> **PROBLEM DETAILS**: Could you give the data that follows again exactly, without its pictures?

####################

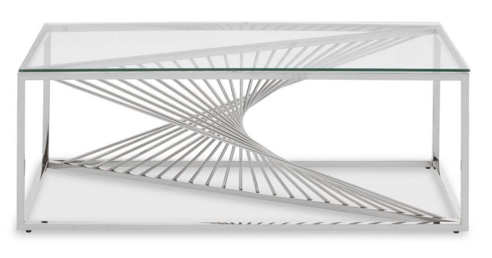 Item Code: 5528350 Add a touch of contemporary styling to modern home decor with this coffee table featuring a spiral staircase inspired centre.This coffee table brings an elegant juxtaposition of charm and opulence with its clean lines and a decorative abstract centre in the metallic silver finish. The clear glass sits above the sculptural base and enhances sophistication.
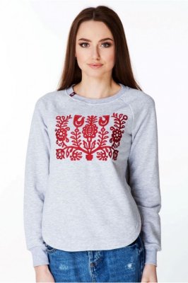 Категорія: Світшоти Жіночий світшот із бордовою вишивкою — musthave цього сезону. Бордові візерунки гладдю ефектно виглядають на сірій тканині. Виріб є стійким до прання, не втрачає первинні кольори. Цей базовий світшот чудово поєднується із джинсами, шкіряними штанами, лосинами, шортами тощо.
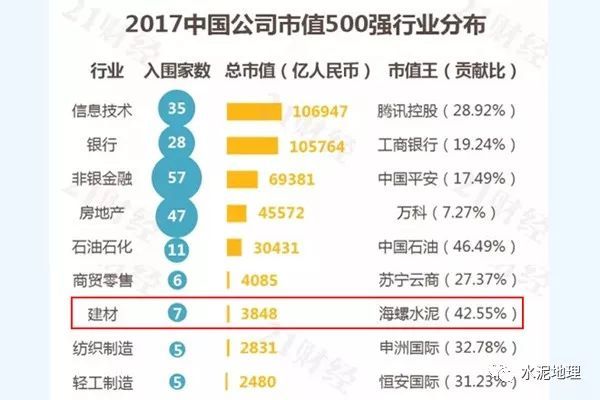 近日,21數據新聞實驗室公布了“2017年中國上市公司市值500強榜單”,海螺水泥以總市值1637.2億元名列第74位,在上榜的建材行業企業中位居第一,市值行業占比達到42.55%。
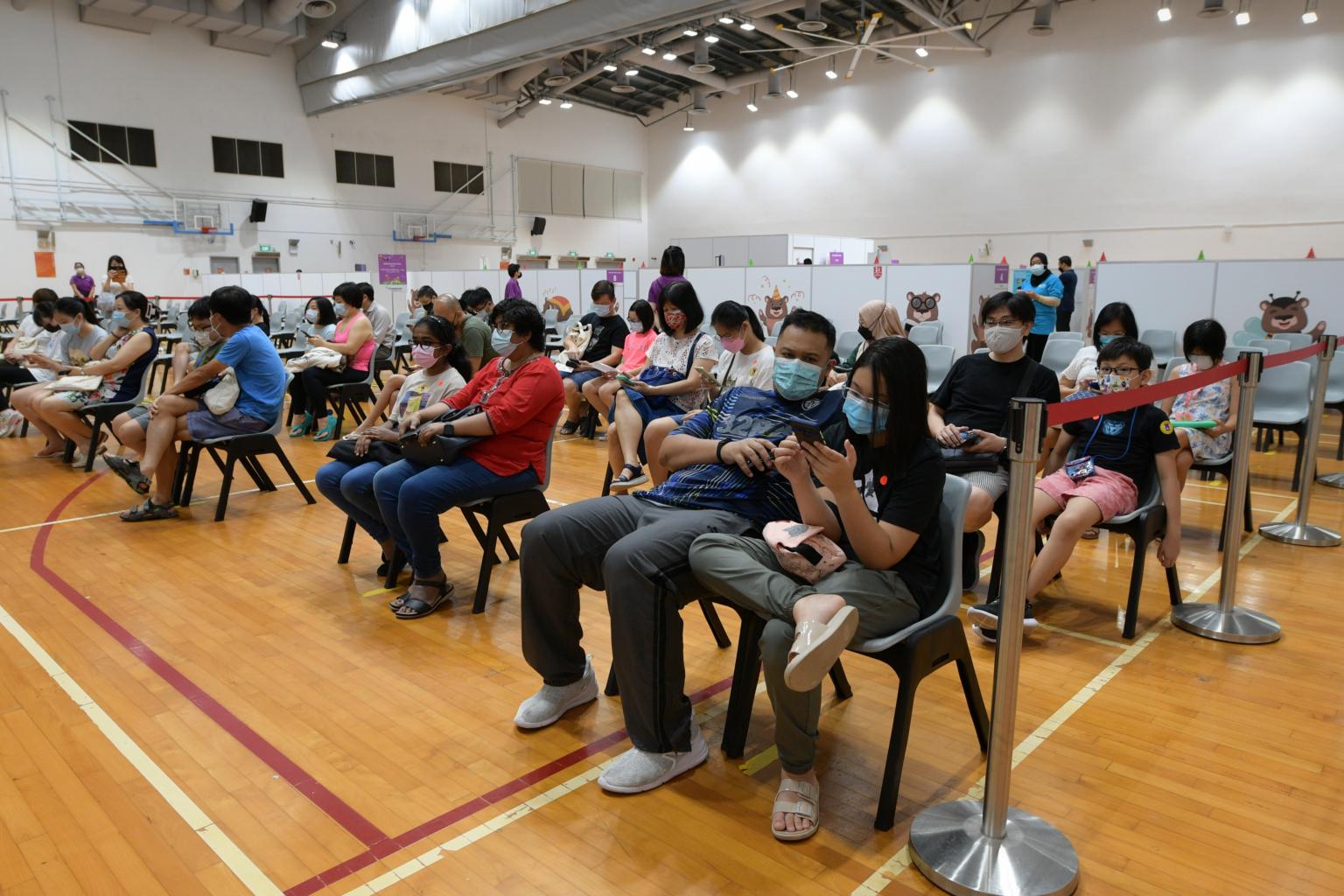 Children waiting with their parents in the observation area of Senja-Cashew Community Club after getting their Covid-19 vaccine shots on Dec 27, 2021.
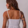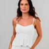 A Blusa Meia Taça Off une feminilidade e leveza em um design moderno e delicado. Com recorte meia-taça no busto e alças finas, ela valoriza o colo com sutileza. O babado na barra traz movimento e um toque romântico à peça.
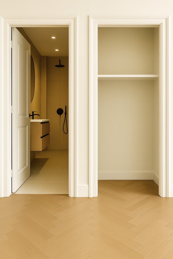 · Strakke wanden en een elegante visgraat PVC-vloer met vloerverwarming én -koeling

####################

> **ANSWER TO THE EXERCISE**:
 Item Code: 5528350 Add a touch of contemporary styling to modern home decor with this coffee table featuring a spiral staircase inspired centre.This coffee table brings an elegant juxtaposition of charm and opulence with its clean lines and a decorative abstract centre in the metallic silver finish. The clear glass sits above the sculptural base and enhances sophistication.
 Категорія: Світшоти Жіночий світшот із бордовою вишивкою — musthave цього сезону. Бордові візерунки гладдю ефектно виглядають на сірій тканині. Виріб є стійким до прання, не втрачає первинні кольори. Цей базовий світшот чудово поєднується із джинсами, шкіряними штанами, лосинами, шортами тощо.
 近日,21數據新聞實驗室公布了“2017年中國上市公司市值500強榜單”,海螺水泥以總市值1637.2億元名列第74位,在上榜的建材行業企業中位居第一,市值行業占比達到42.55%。
 Children waiting with their parents in the observation area of Senja-Cashew Community Club after getting their Covid-19 vaccine shots on Dec 27, 2021.
 A Blusa Meia Taça Off une feminilidade e leveza em um design moderno e delicado. Com recorte meia-taça no busto e alças finas, ela valoriza o colo com sutileza. O babado na barra traz movimento e um toque romântico à peça.
 · Strakke wanden en een elegante visgraat PVC-vloer met vloerverwarming én -koeling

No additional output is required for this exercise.